In the unaffected sibling genotype data, the power of rejecting HWE also shows dramatic differences from the parental data (fig. 2c, d; table 2). Dominant and recessive models have the highest power of detecting deviations from HWE while the additive and multiplicative model show much lower power of rejecting HWE (fig. 1c, d). However the power to detect deviations from HWE is not high due to the small magnitude of the deviation. For example, for the dominant model for γ1 = 1.5 the maximum power of rejecting HWE is 1.41 × 10−4, at population allele frequency of ∼0.42, and increases to 6.94 × 10−3 for γ1 = 2.0, at population allele frequency of ∼0.36. The recessive model has similar power of rejecting HWE to the dominant model. For the additive and multiplicative model the maximum power of rejecting HWE is only slightly elevated over the value of α (fig. 2c, d; table 2). When the r2 value between the marker and the functional locus is not equal 1, the HWD coefficients and corresponding power to detect deviations from HWE are both reduced (suppl. figure 1; suppl. table 1, 2).

Proband Genotype Data

Deviation from HWE in genotype data from affected individuals was observed and proposed for use in detecting associations in case only studies [25] and various scenarios were more extensively explored by Wittke-Thompson et al. [26]. The strength of deviation for HWE, D is shown in figure 3a, b and table 1 and the power of rejecting the null hypothesis of HWE is displayed in figure 3c, d and table 2. Similar to the genotype data for unaffected siblings deviations from HWE are negative for the additive and dominant model and positive for the recessive model.

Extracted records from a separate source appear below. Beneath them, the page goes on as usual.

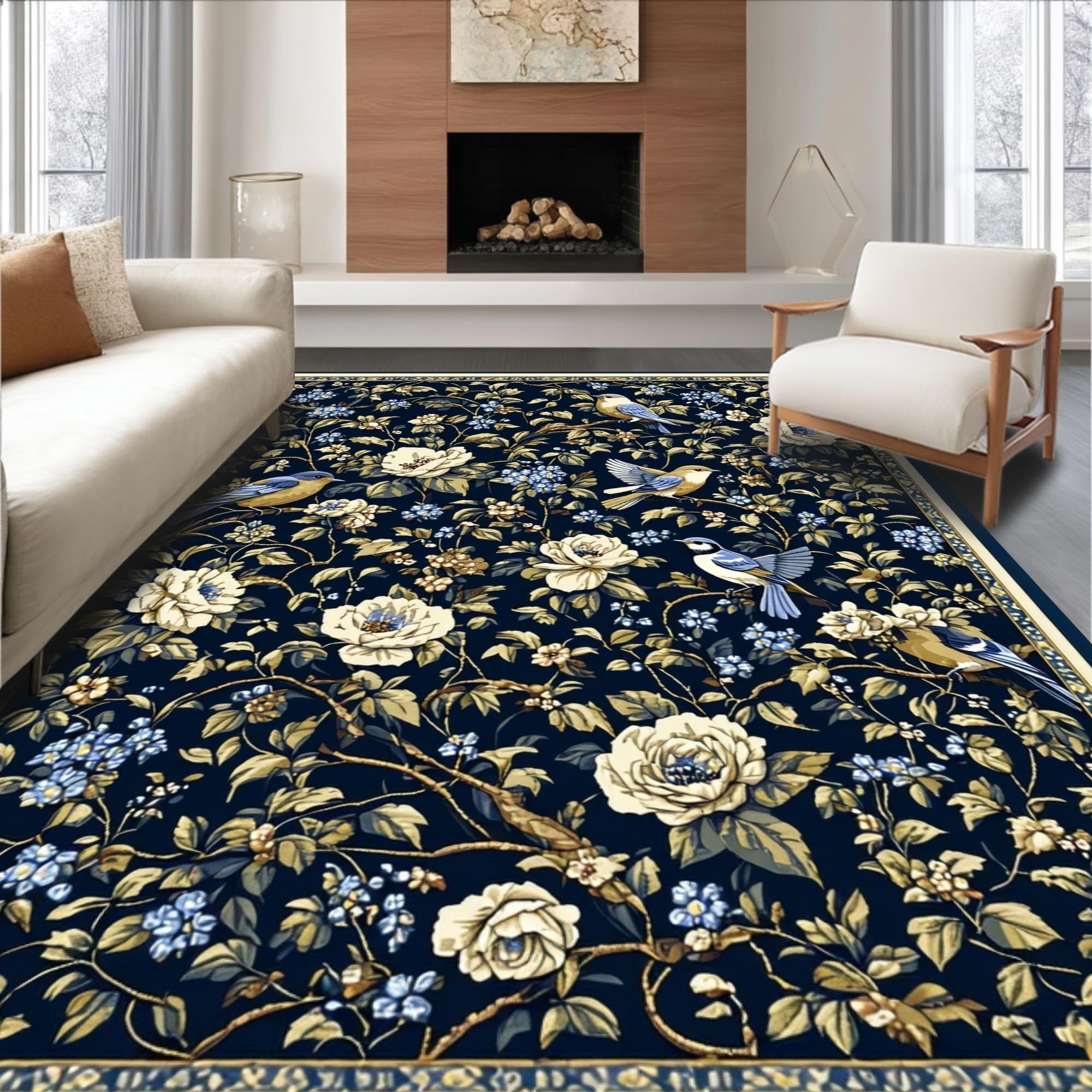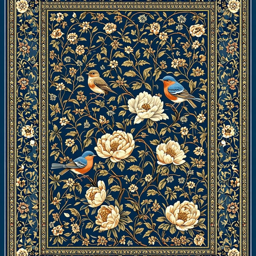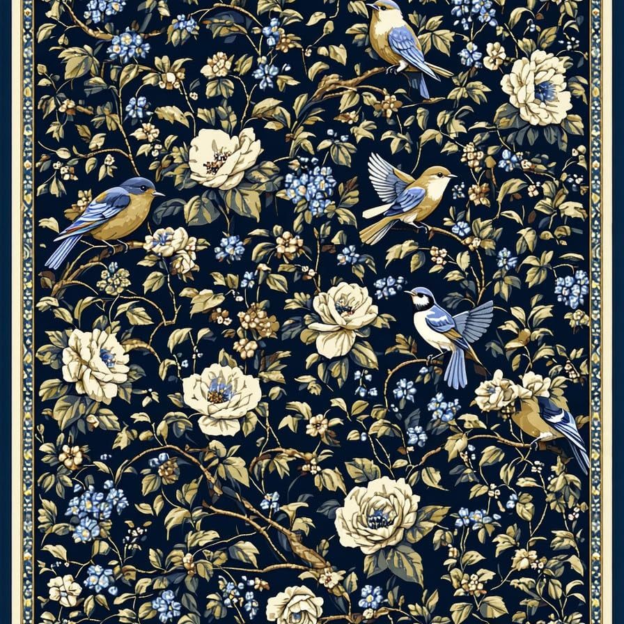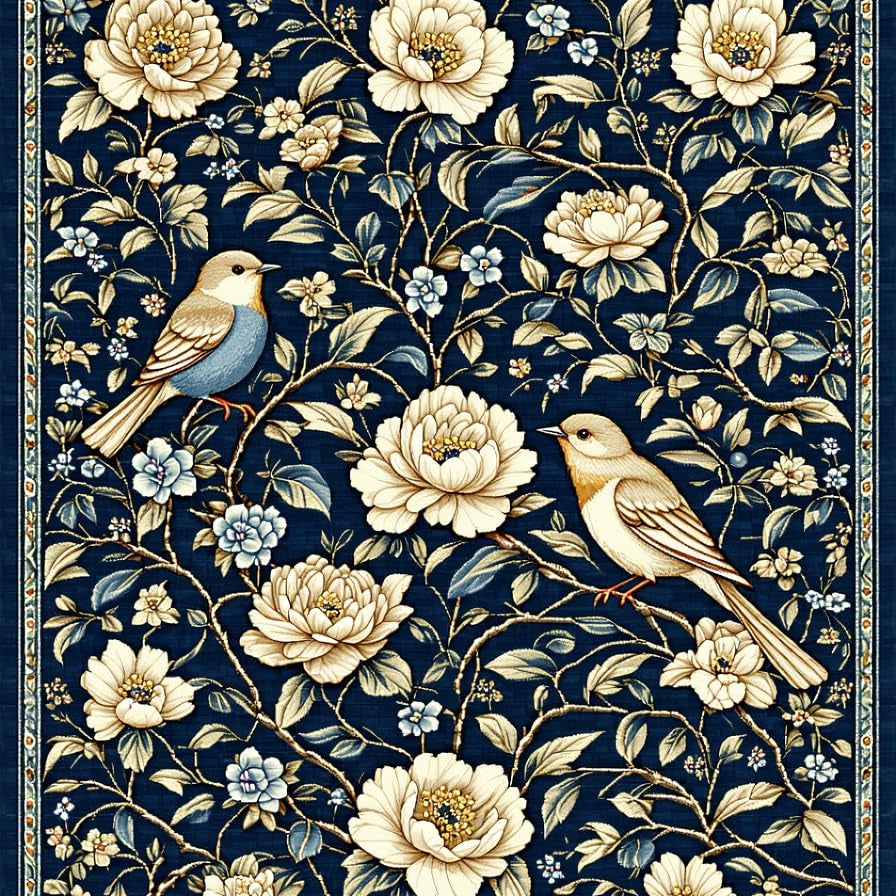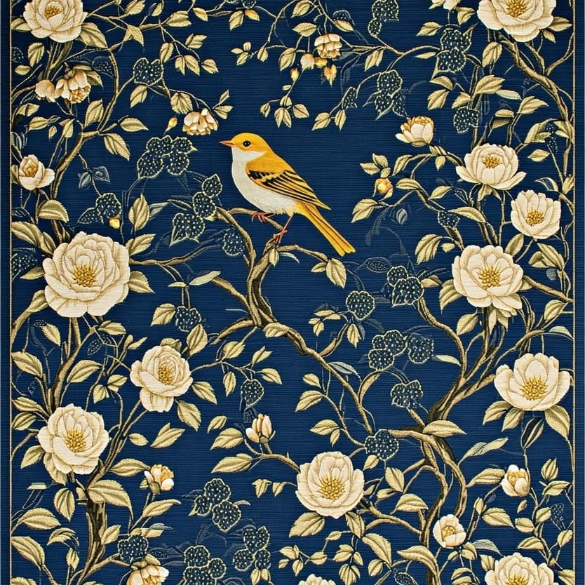 Whimsical Floral and Bird Fusion(Blue)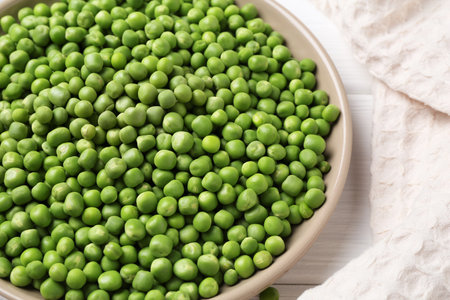 Fresh green peas in a white bowl, top view, flat lay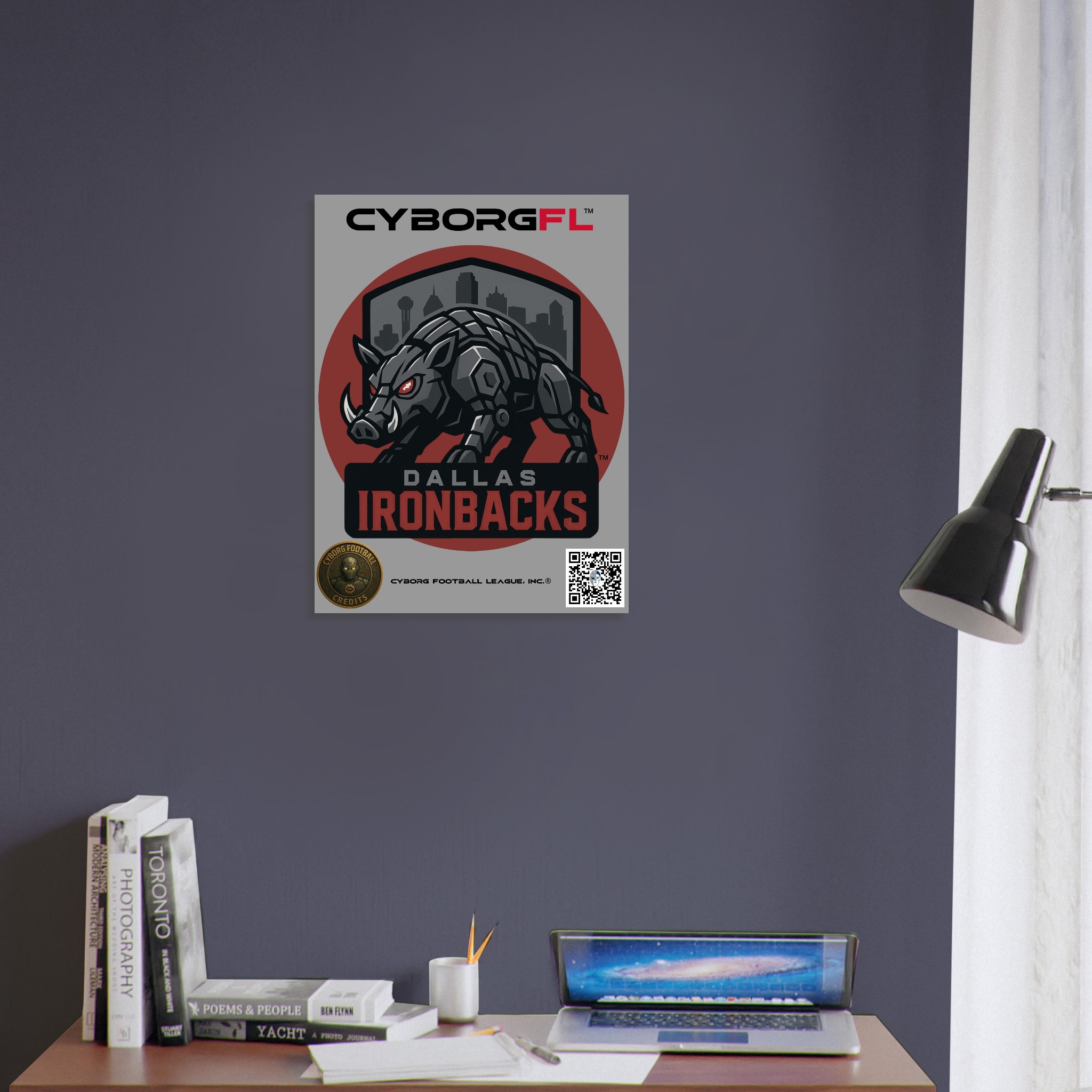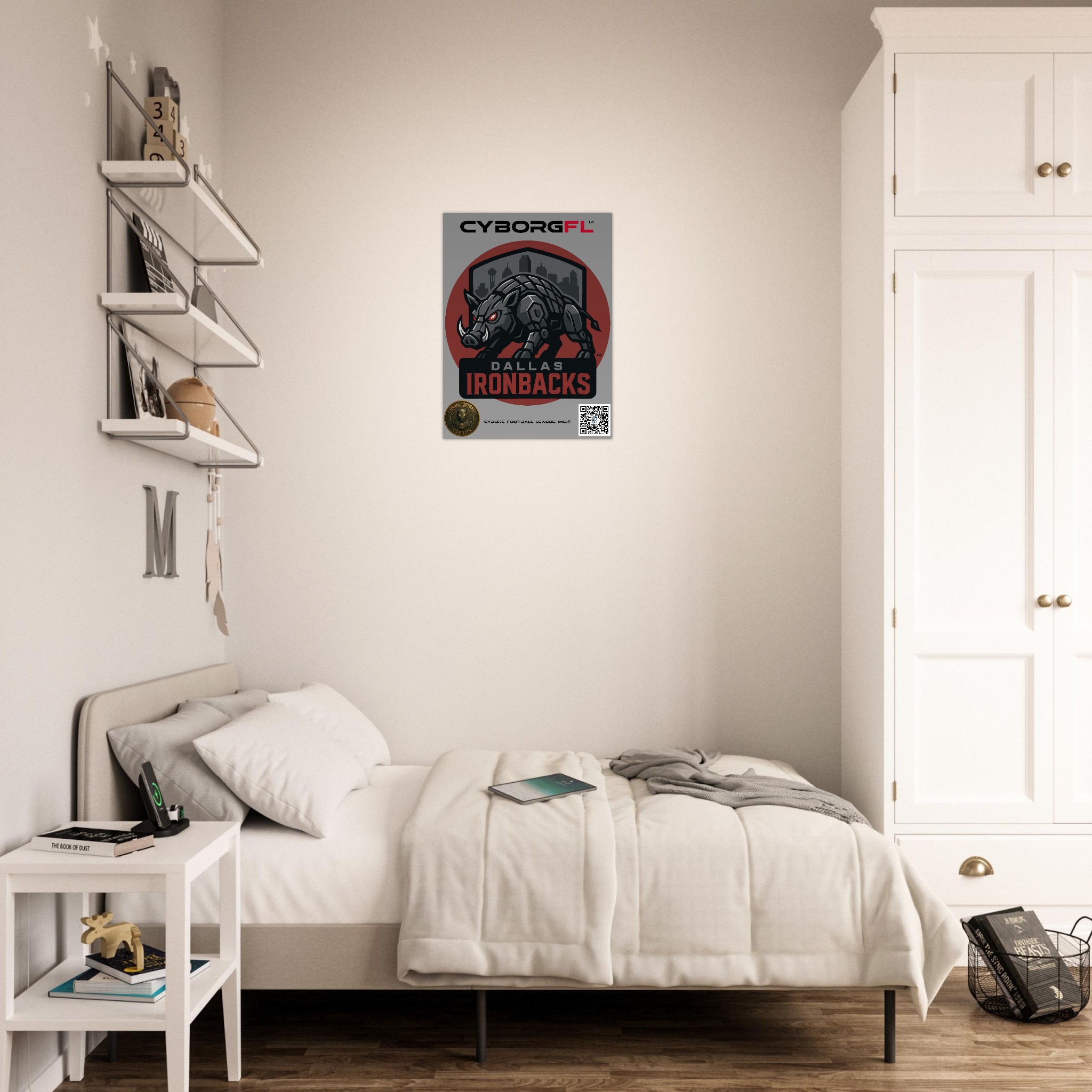 An official CyborgFL™ art poster featuring the seal of the Dallas Ironbacks™ — built for gamers, fans, and next-gen competitors.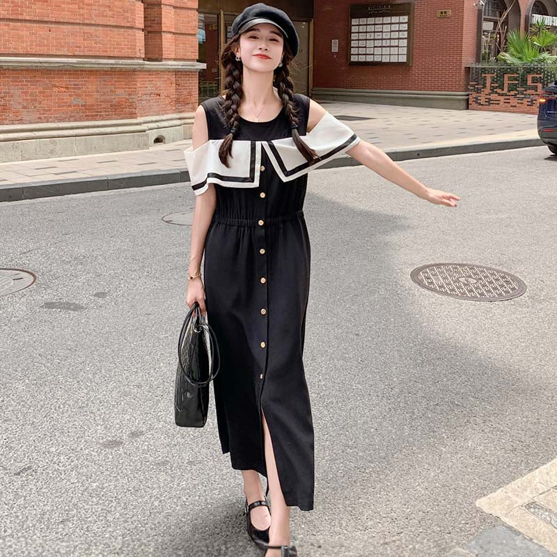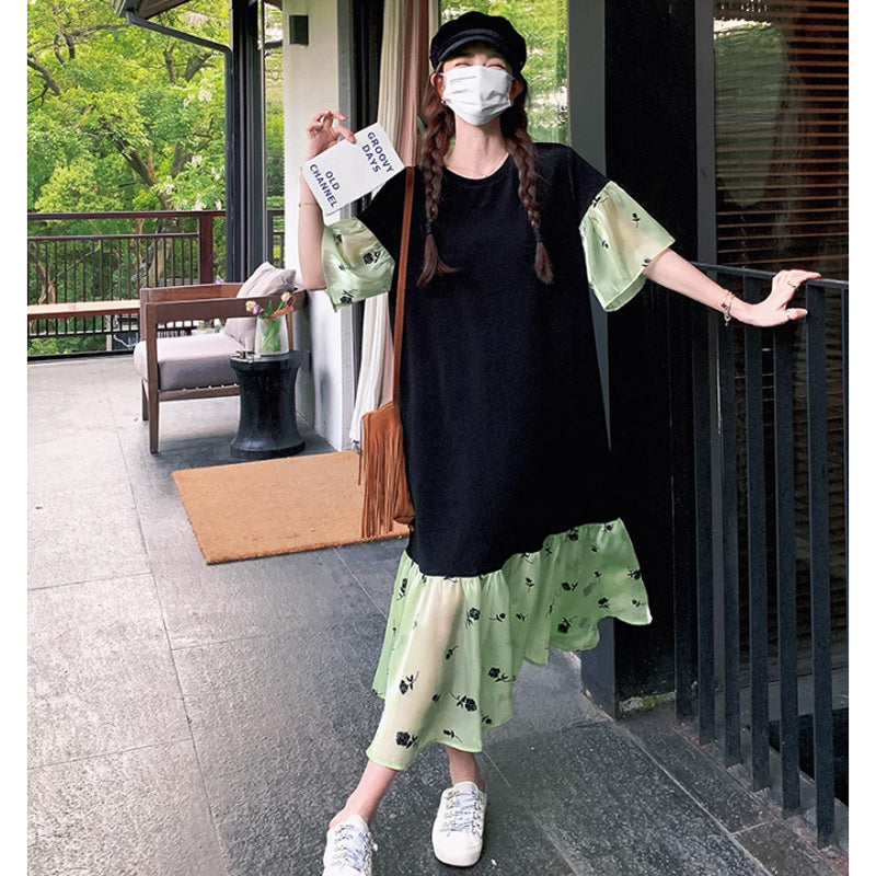 ブラックとミントグリーンのバイカラーフレアワンピース。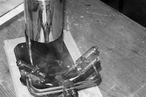 - La chaudière est entièrement en cuivre avec un recouvrement de lattes pour l'esthétique. Des cercles de laiton maintiennent le tout. Elle est équipée d'une soupape, d'un bouchon de remplissage et d'un bouchon latéral pour le manomètre. La cheminée est un tube en aluminium. De l'alcool à brûler est utilisé pour la chauffe. L'ensemble est constitué d'un réservoir avec bouchon de remplissage, d'un support de tuyauteries, d'un brûleur constitué de trois tubes recevant les mèches.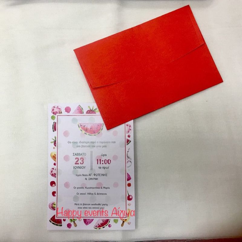 Προσκλητήριο Βάπτισης καλοκαιρινά φρούτα,για αγόρι και κορίτσι .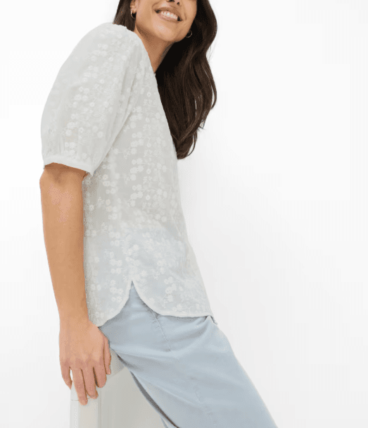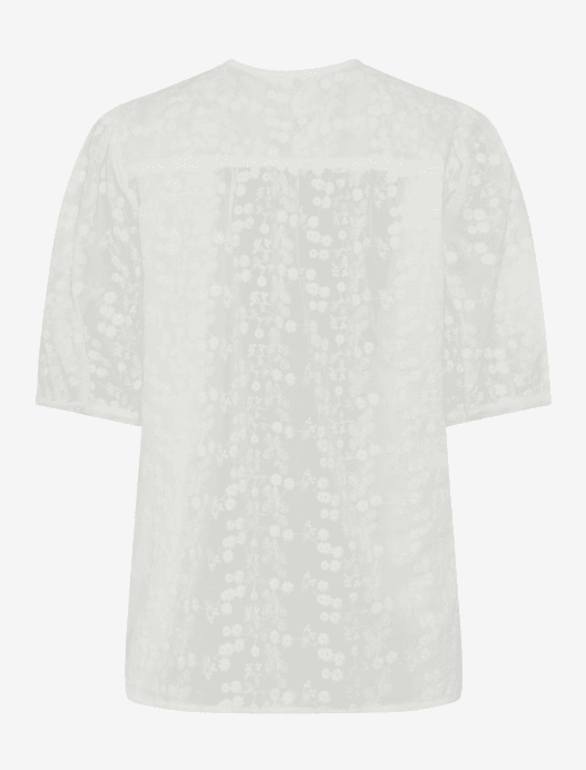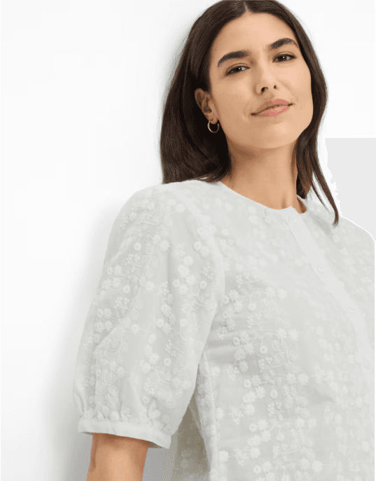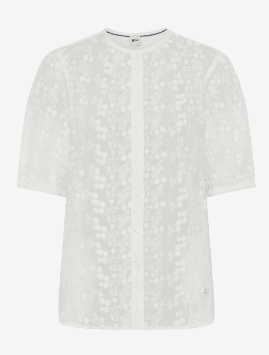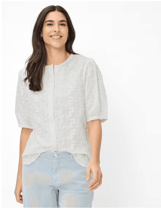 Dit bloesje oogt heerlijk fris en worden elegant verfijnd door fijn, tonaal bloemig borduurwerk. De strak gehouden ronde hals benadrukt de moderne look en de doorlopende knopenlijst met kleine, bijpassende knoopjes zorgt voor een nette, stijlvolle voorkant. Extra charmant: de soepel vallende, licht volumineuze korte mouwen met subtiele plooitjes en een kleine zoomafwerking. Achteraan zorgt een schouderpas met een beetje extra ruimte voor een mooie valling en een ontspannen draaggevoel, waarbij de bloes losjes om het lichaam valt. Gemaakt van 100% katoen draagt deze damesbloes heerlijk natuurlijk.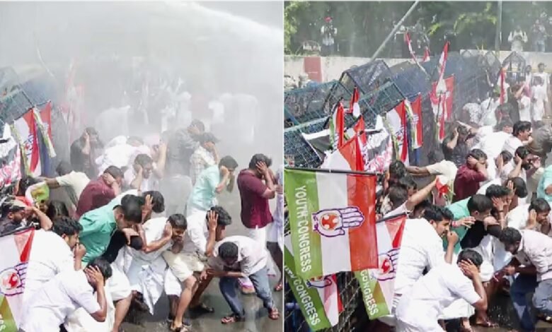 പ്രവർത്തകരെ പിന്തിരിപ്പിക്കാൻ പൊലീസ് പലതവണ ജലപീരങ്കി പ്രയോഗിച്ചു. ഇതിനിടയിൽ പൊലീസ് വാഹനത്തിന് നേരെ കല്ലേറും ഉണ്ടായി. പിരിഞ്ഞുപോകണമെന്ന് പൊലീസ് മുന്നറിയിപ്പ് നൽകിയിട്ടും പ്രവർത്തകർ പ്രതിഷേധം തുടരുകയായിരുന്നു. ഇതോടെ പൊലീസ് കണ്ണീർവാതകം പ്രയോഗിച്ചു.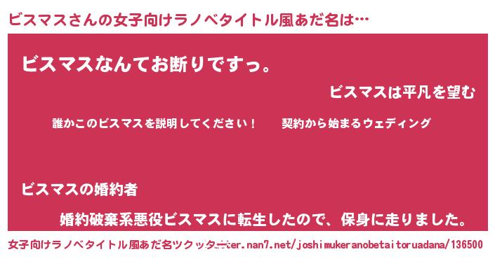 | 男性向けラノベタイトル風あだ名 | 『ビスマスアートオンライン』 |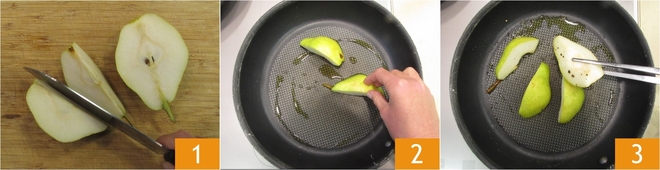 To make the pears and speck with dried fruit, first wash the pear and cut it into 4 wedges 1, then remove the core. Heat a drizzle of olive oil in a pan, add the pear wedges 2 and cook over medium-high heat on both sides for a few minutes 3. Season with salt and pepper.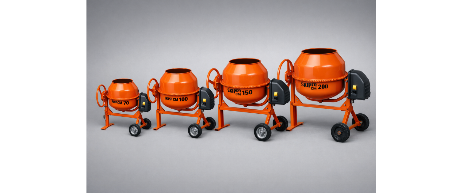 Линейка CM у SKIPER — это мобильные гравитационные бетоносмесители, рассчитанные на питание от обычной сети 220 В. Для частного дома, дачи, гаража и небольшого строительного объекта это важный плюс: не нужен особый формат подключения, технику можно использовать в привычных бытовых условиях. Во всей линейке прослеживается понятная логика: по мере роста объема растут возможности по готовой смеси за цикл, а вместе с ними меняется характер работ, для которых модель становится действительно удобной. При этом сами машины остаются в понятном бытовому пользователю формате, без перехода в тяжелый промышленный сегмент.

However the strength of deviations from HWE is greater in the genotype data from probands compared to the unaffected siblings. For γ1 = 1.5 the deviation from HWE is about four times greater in the proband genotype data than in the genotype data from unaffected siblings for the additive, dominant and recessive models. For the multiplicative model there are no deviations from HWE, regardless of the population allele frequency (fig. 3a, b; table 1).

Fig. 3.

Fig. 3

For proband genotype data for population allele frequencies ranging from 0.05 to 0.95; the HWD coefficient for a genotypic RR of γ1 = 1.5 (a) and γ1 = 2.0 (b) and the power of rejecting the null hypothesis of HWE for α = 1 × 10−7 for a genotypic RR of γ1 = 1.5 (c) and γ1 = 2.0 (d).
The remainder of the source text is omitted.